DFKI-LT - Dissertation Series

Vol. XXIV

Fei-Yu Xu : Bootstrapping Relation Extraction from Semantic Seeds

ISBN: 978-3-933218-23-0
159 pages
price: € 15

order form

Information Extraction (IE) is a technology for localizing and classifying pieces of relevant information in the unstructured natural language texts and detecting relevant relations among them. This thesis deals with one of the central tasks of IE, i.e., relation extraction. The goal is to provide a general framework that automatically learns mappings between linguistic analyses and target semantic relations, with minimal human invention. Furthermore, this framework is supposed to support the adaptation to new application domains and new relations with various complexities.

The central result is a new approach to relation extraction which is based on a minimally supervised method for automatically learning extraction grammars from a large collection of parsed texts, initialized by some instances of the target relation, called semantic seed. Due to the semantic seed approach, the framework can accommodate new relation types and domains with minimal effort. It supports relations of different arity as well as their projections. Furthermore, this framework is general enough to employ any linguistic analysis tools that provides the required type and depth of analysis.

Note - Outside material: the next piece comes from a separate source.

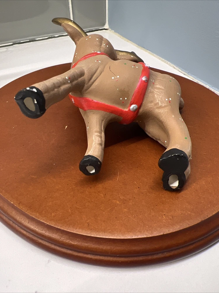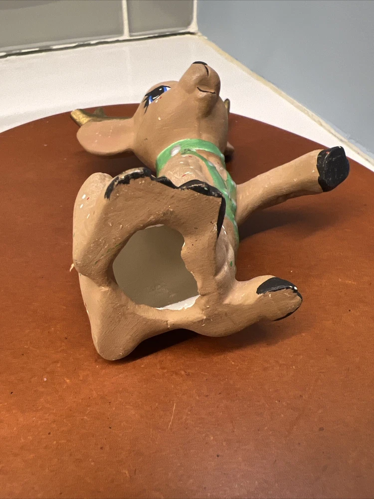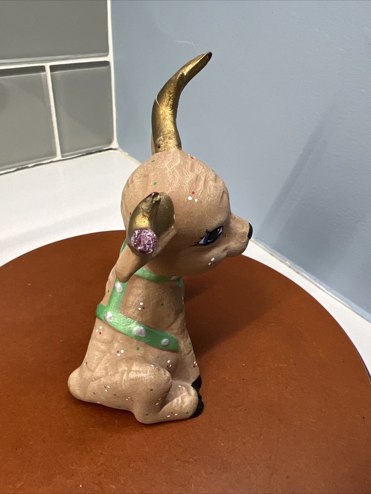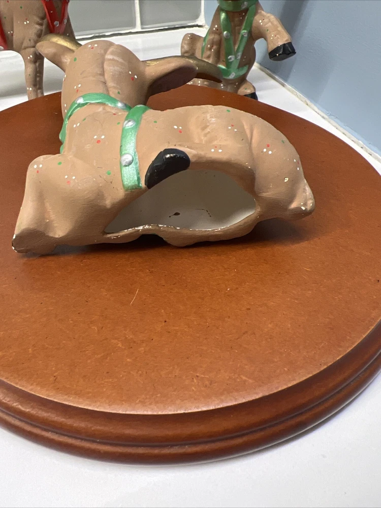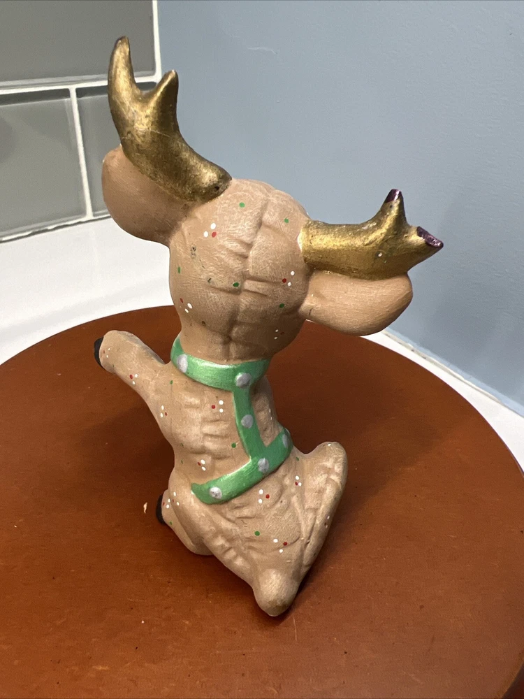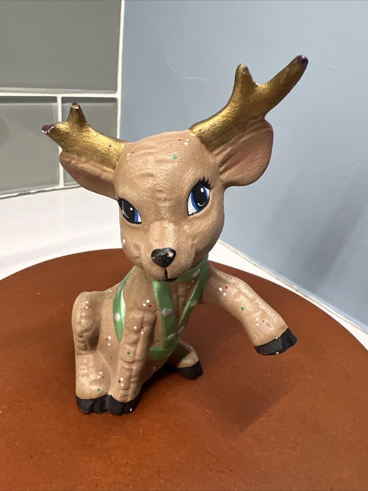 This set of three Reindeer Christmas Figurines are medium-sized ceramic figurines. Hand-painted with polka dots and featuring a brown matte finish, the figurines depicts a festive reindeer characters in different poses. Please see all photos for condition. Older set. I see touch ups on antlers

The adaptability and the scalability of the framework is facilitated by the DARE rule representation model which is recursive and compositional. In comparison to other IE rule representation models, e.g., Stevenson and Greenwood (2006), the DARE rule representation model is expressive enough to achieve a good coverage of linguistic constructions for finding the mentions of the target relation. The powerful DARE rules are constructed via a bottomup and compositional rule discovery strategy, driven by the semantic seed. The control of the quality of newly acquired knowledge during the bootstrapping process is realized through a ranking and filtering strategy, taking two aspects into account: the domain relevance and the trustworthiness of the origin. A special algorithm is developed for the induction and generalization of the DARE rules. Since DARE also takes the projections of the target relation and the interaction among these into account, it opens new perspectives for the improvement of recall and reusability of the learned rules.

Various evaluations are conducted that help us obtain insights into the applicability, the potential and the limitations of the DARE framework. The comparison of the different data setups such as the size of the semantic seed, the data size and the data source tells us that data properties play an important role for the success of DARE. Furthermore, the evaluation confirms our earlier findings on the influence of proper seed construction for system performance. The detailed qualitative analysis of the DARE system output encourages us to integrate richer high-quality linguistic processing including discourse analysis.